In the course of this review, it emerged that a particular project name had been used by the IDA in correspondence with a third party. Mr Mulligan sought clarification from the IDA of the scope of this project name. In response, the IDA clarified that it related to a general project for the identification of sites for development, and that the applicant's property did not form part of this project. However, the IDA submitted that, "the [project] title was migrated over during the initial assessment period in relation to the Blakestown lands for the purposes of maintaining confidentiality within the organisation and with external stakeholders." I have no reason to doubt these submissions.

The applicant had raised an issue as to the provenance of a Land Registry map which had been appended to a record that was released to him pursuant to his request. He claimed that this map must have been acquired from a named third party solicitor, and pointed to correspondence in his possession between that third party and the IDA, purporting to enclose the said map. The IDA submitted that, while the relevant Folios had been released to the applicant, the cover letters had not been released to the applicant, as they did not fall within the scope of his request. The IDA furthermore claimed that the folios were sent by Kildare County Council to the IDA but were not requested by the IDA. The IDA stated that County Councils regularly provide unsolicited information to it, and that it has regular dealings with County Councils throughout Ireland in relation to potential foreign direct investment and future requirements in relation to matters such as infrastructure. In any event, having carefully considered the content of these letters, I am satisfied that they neither demonstrate a third party interest nor form part of the IDA's consideration in relation to this matter.

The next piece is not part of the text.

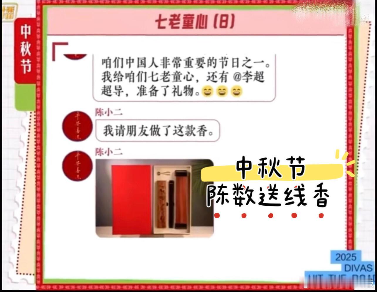 6、中秋节陈数给所有人及导演做了线香当礼物。

The applicant, in his submissions, also raised various collateral matters which, in his view, would tend to suggest that the IDA had received representations from third parties in relation to the Property. In implementing the terms of the FOI Act with regard to access to requested records, the Information Commissioner is concerned only with ensuring access to extant records in accordance with the provisions of the Act. The FOI Act does not provide for a right of access to records which ought to exist. It should be noted that the fact that one might expect that such records should exist, and that the absence of such records might suggest inadequate record keeping practices on the part of the IDA, is not an issue in this review.

The position of the IDA is that it cannot find any further records relevant to the applicant's FOI request. Having considered the matter, in the circumstances of this case, I am satisfied that the IDA has taken reasonable steps to locate the records sought and that section 10(1)(a) of the FOI Act applies in relation to Category B. I find accordingly.

Decision

Having carried out a review under section 34(2) of the Freedom of Information Act 1997, as amended, I hereby affirm the decision of IDA in this case.

Right of Appeal

A party to a review, or any other person affected by a decision of the Information Commissioner following a review, may appeal to the High Court on a point of law arising from the decision. Such an appeal must be initiated not later than eight weeks from the date on which notice of the decision was given to the person bringing the appeal.